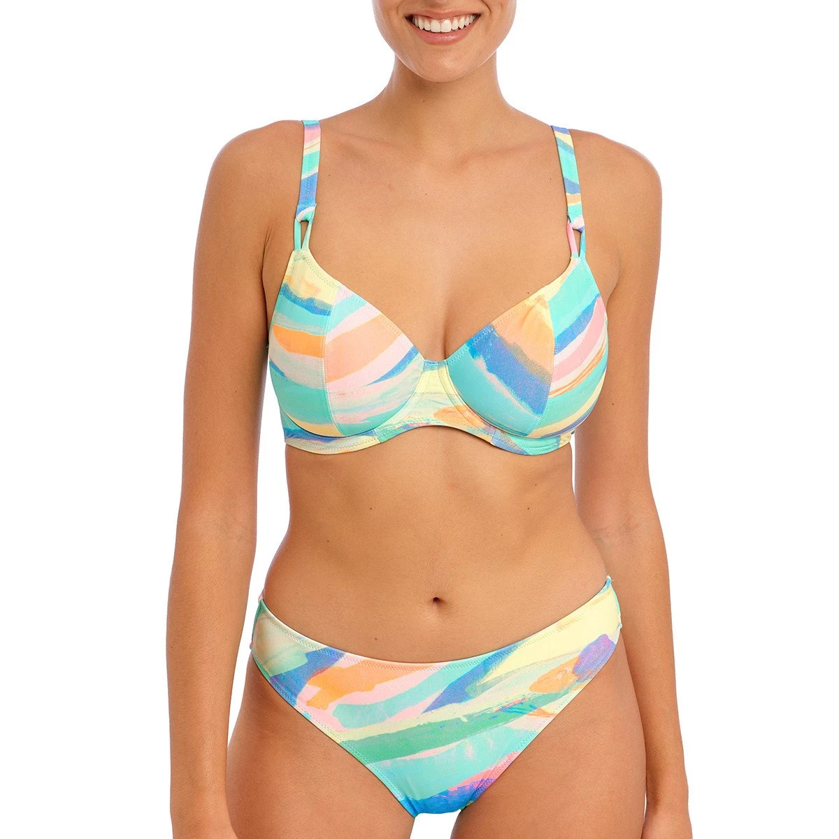 Le bas de maillot de bain Summer Reef Aqua de la marque Freya Swim est un choix élégant et coloré pour les journées ensoleillées à la plage ou à la piscine. Conçu pour offrir un style tendance, ce bas de maillot de bain allie confort et esthétique avec brio. Doté d’une coupe classique confortable, ce bas de maillot de bain mettra en valeur votre silhouette de manière subtile et féminine. L’imprimé aquarelle pastel de ce bas de maillot de bain est un véritable enchantement visuel. Les teintes bleu-vert clairs, rose et bleu lavande se mêlent harmonieusement pour créer un motif délicat et rafraîchissant, évoquant les nuances douces d’un paysage aquatique.
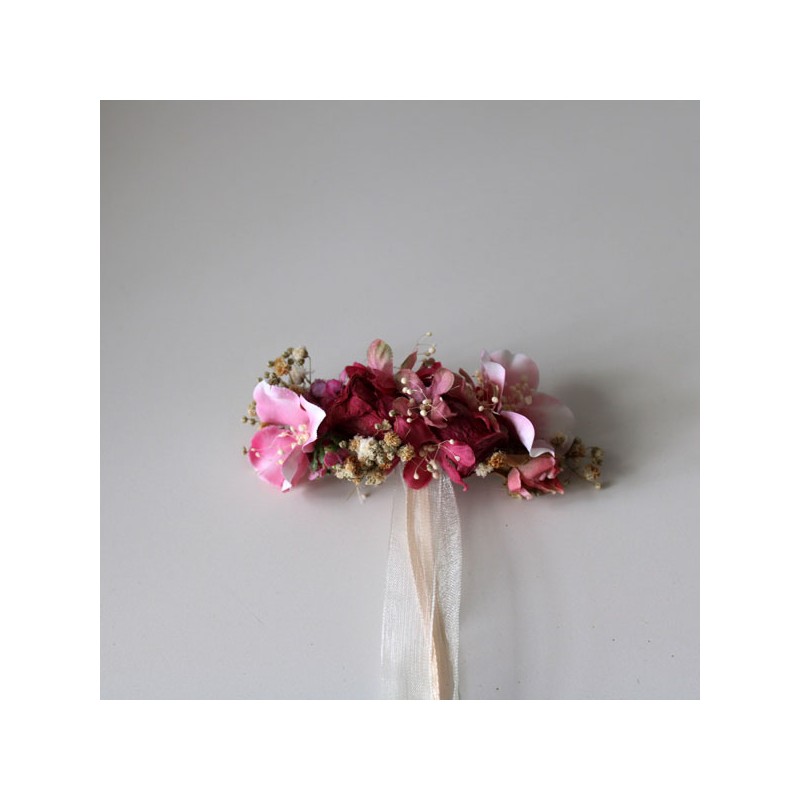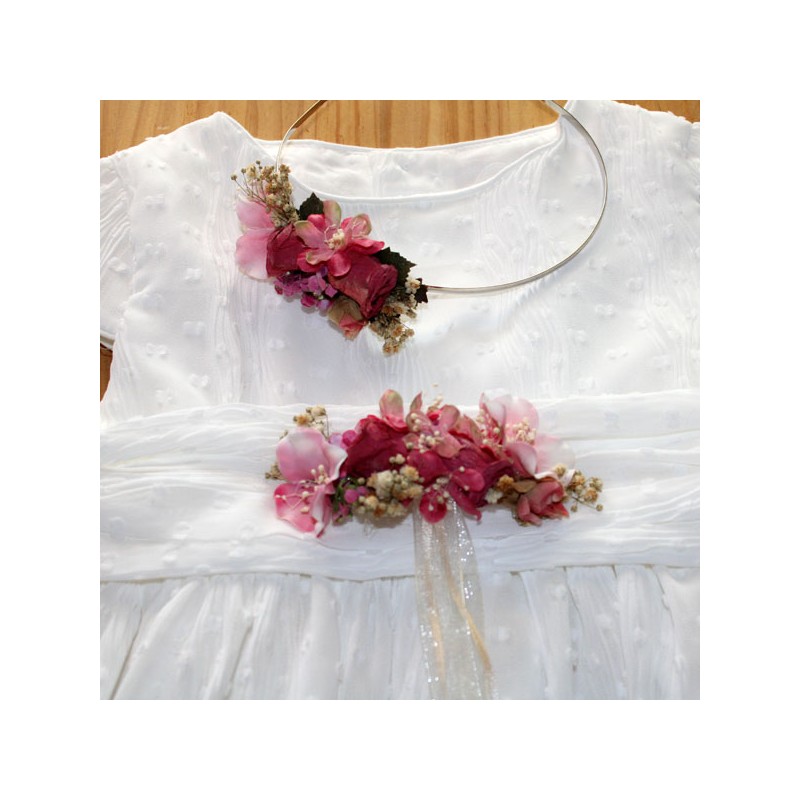 Dried flower Belt of various types of flowers in pink tones for flower girl .
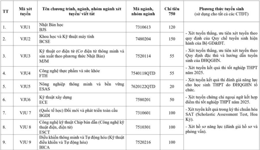Trong năm học 2025, VJU dự kiến tuyển 750 sinh viên. Ba ngành học mới được giới thiệu bao gồm: Công nghệ kỹ thuật chip bán dẫn; Điều khiển thông minh và tự động hóa; Đổi mới và phát triển toàn cầu (Quốc tế học). Đặc biệt, ngành Công nghệ kỹ thuật chip bán dẫn đặt ra yêu cầu khá cao: thí sinh cần đạt tối thiểu 24/30 điểm tổng ba môn trong tổ hợp xét tuyển và môn Toán phải đạt tối thiểu 8/10 điểm.
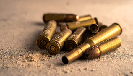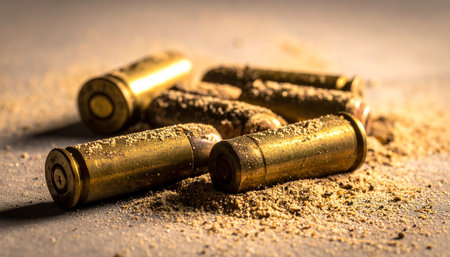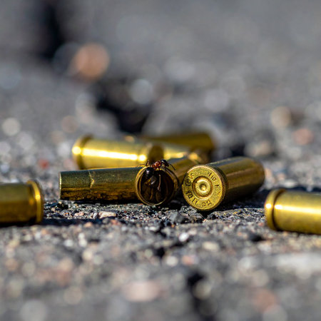 Empty brass bullet casings lie scattered on the rough asphalt, the silent and chilling evidence left behind after a violent event. This powerful image captures the immediate aftermath of a crime or conflict, perfect for illustrating themes of law enforcement, investigation, and the consequences of gun violence.
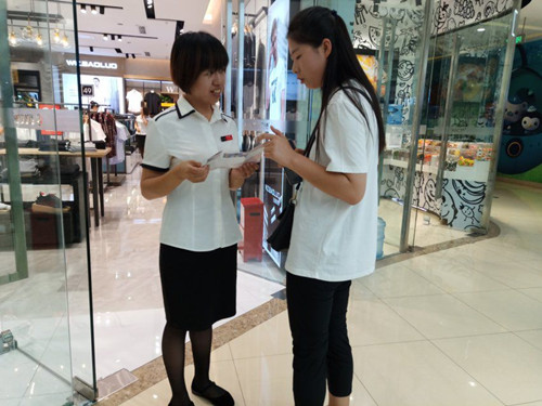 宣讲团的队员们在万达商场为职员讲解国家资助政策
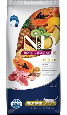 Сухой корм для стерилизованных кошек FARMINA N&D TROPICAL SELECTION NEUTERED LAMB низкозерновой ягненок, спельта, овес, тропические фрукты (10 кг)
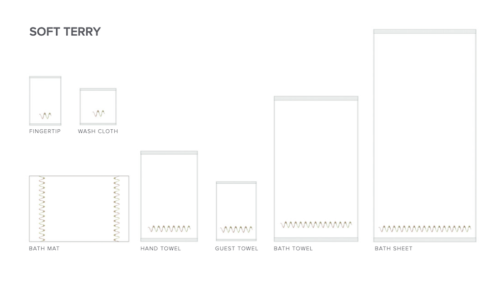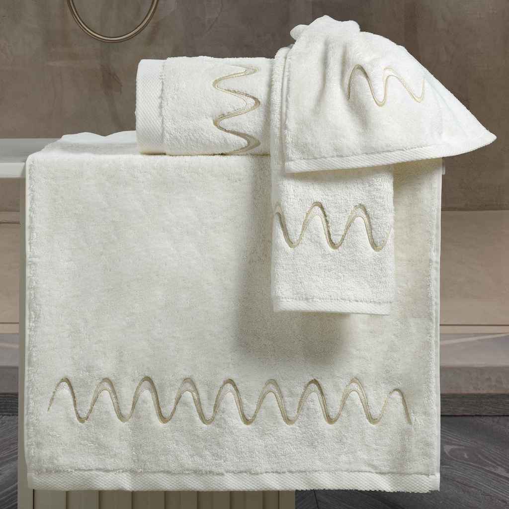 Timothy Corrigan for Dea's Pelago Embroidery Soft Terry Towels are luxurious. They represent the historical essence of truly skilled Tuscan craftsmanship. This is a skill that is handed down from generation to generation. Pelago has geometric lines that form sandy seabeds drawn by the sea waves. The design translates into an elaborated set of stitches that embellish the products of the Pelago collection drawn by Timothy Corrigan. 100% Co.
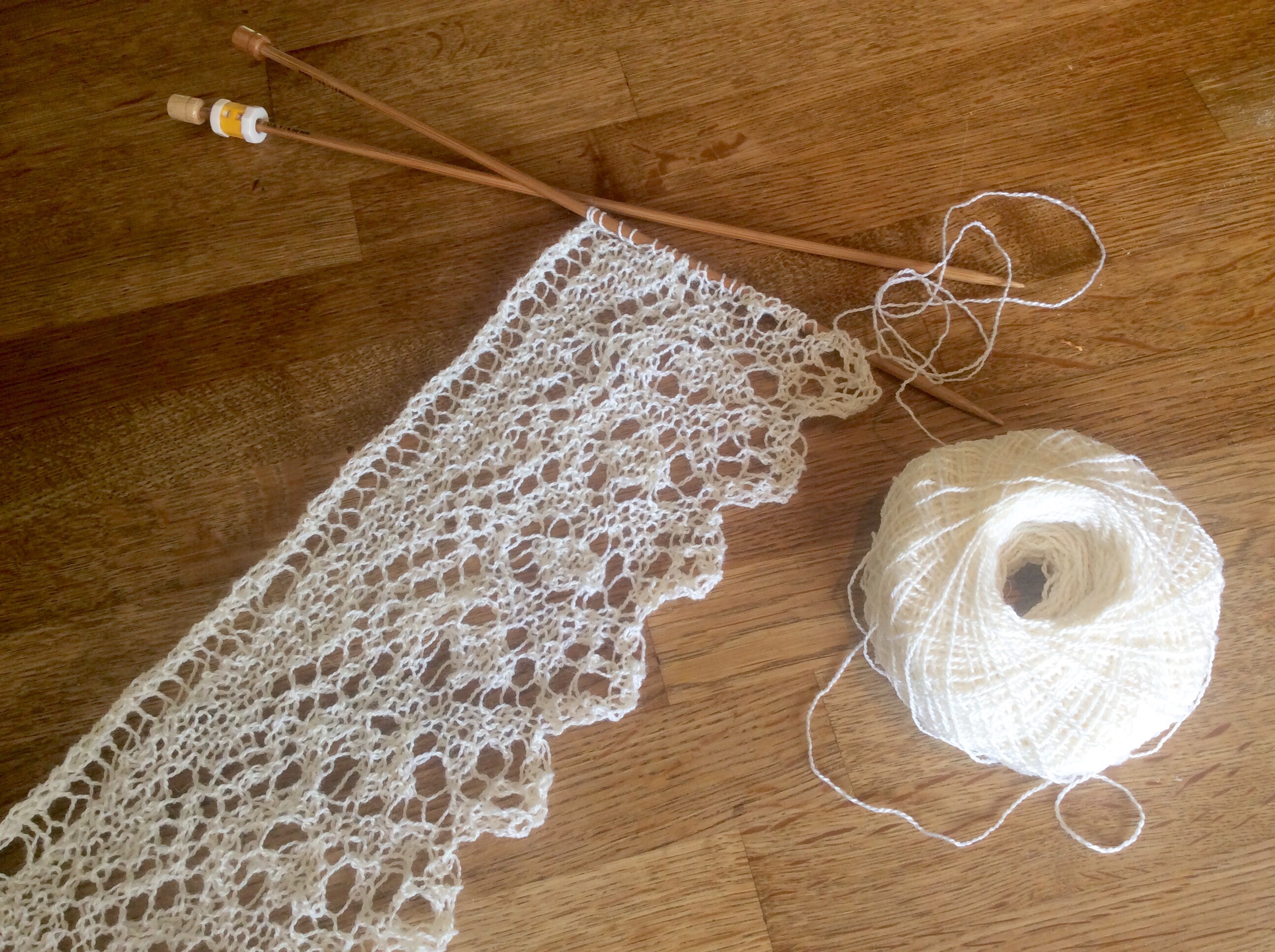 1.  Working on the lacy border for the Baby shawl commission that I’ve been slogging away at for a few months. Baby was due yesterday and I’ve run out of time! Trouble is, I get a numb bum if I sit for more than two hours at a time, so I can’t knit it any faster.
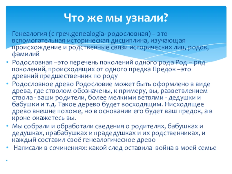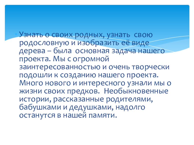 дерева – была основная задача нашего проекта. Мы с огромной заинтересованностью и очень творчески подошли к созданию нашего проекта. Много нового и интересного узнали мы о жизни своих предков. Необыкновенные истории, рассказанные родителями, бабушками и дедушками, надолго останутся в нашей памяти.
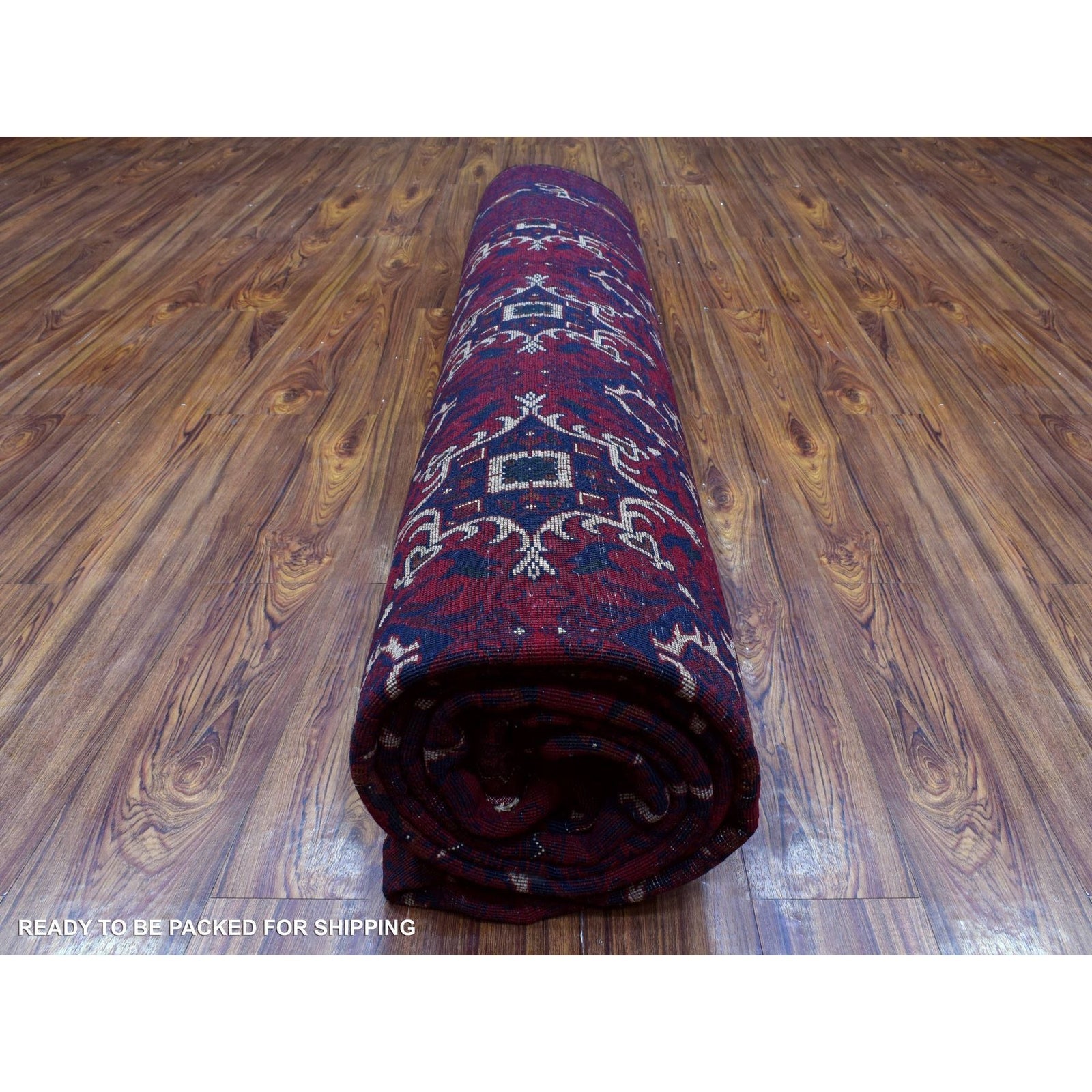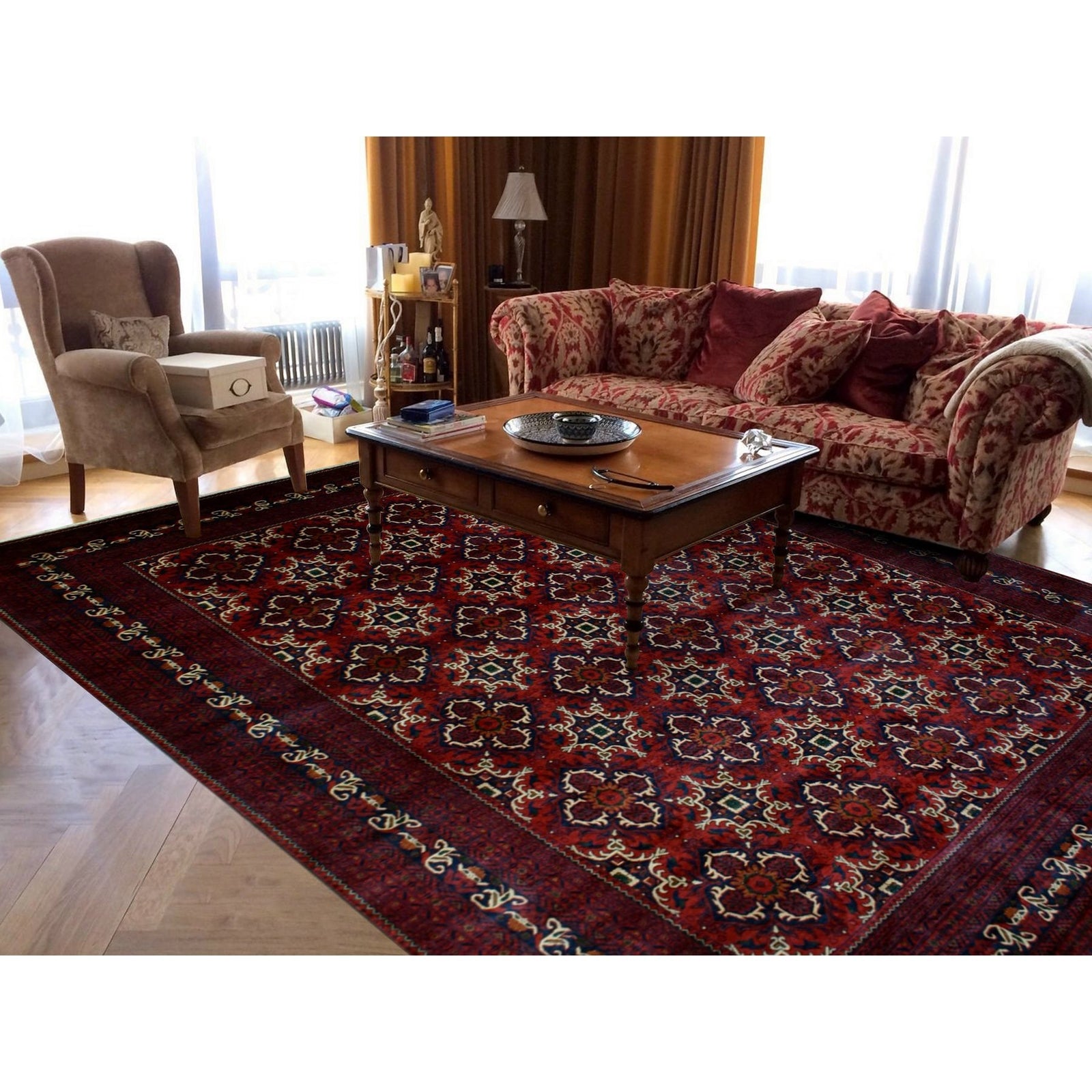 10'X13'8" Red Afghan Khamyab Soft Wool Geometric Design Hand Knotted Rug

---------------

• Exercise requirements
Pictures are to be left out. Write out only the lines above starting at the one with "Dried flower Belt" and ending at the one with "Trong năm học", both lines included, exactly.

• Solution for this exercise
 Dried flower Belt of various types of flowers in pink tones for flower girl .
Trong năm học 2025, VJU dự kiến tuyển 750 sinh viên. Ba ngành học mới được giới thiệu bao gồm: Công nghệ kỹ thuật chip bán dẫn; Điều khiển thông minh và tự động hóa; Đổi mới và phát triển toàn cầu (Quốc tế học). Đặc biệt, ngành Công nghệ kỹ thuật chip bán dẫn đặt ra yêu cầu khá cao: thí sinh cần đạt tối thiểu 24/30 điểm tổng ba môn trong tổ hợp xét tuyển và môn Toán phải đạt tối thiểu 8/10 điểm.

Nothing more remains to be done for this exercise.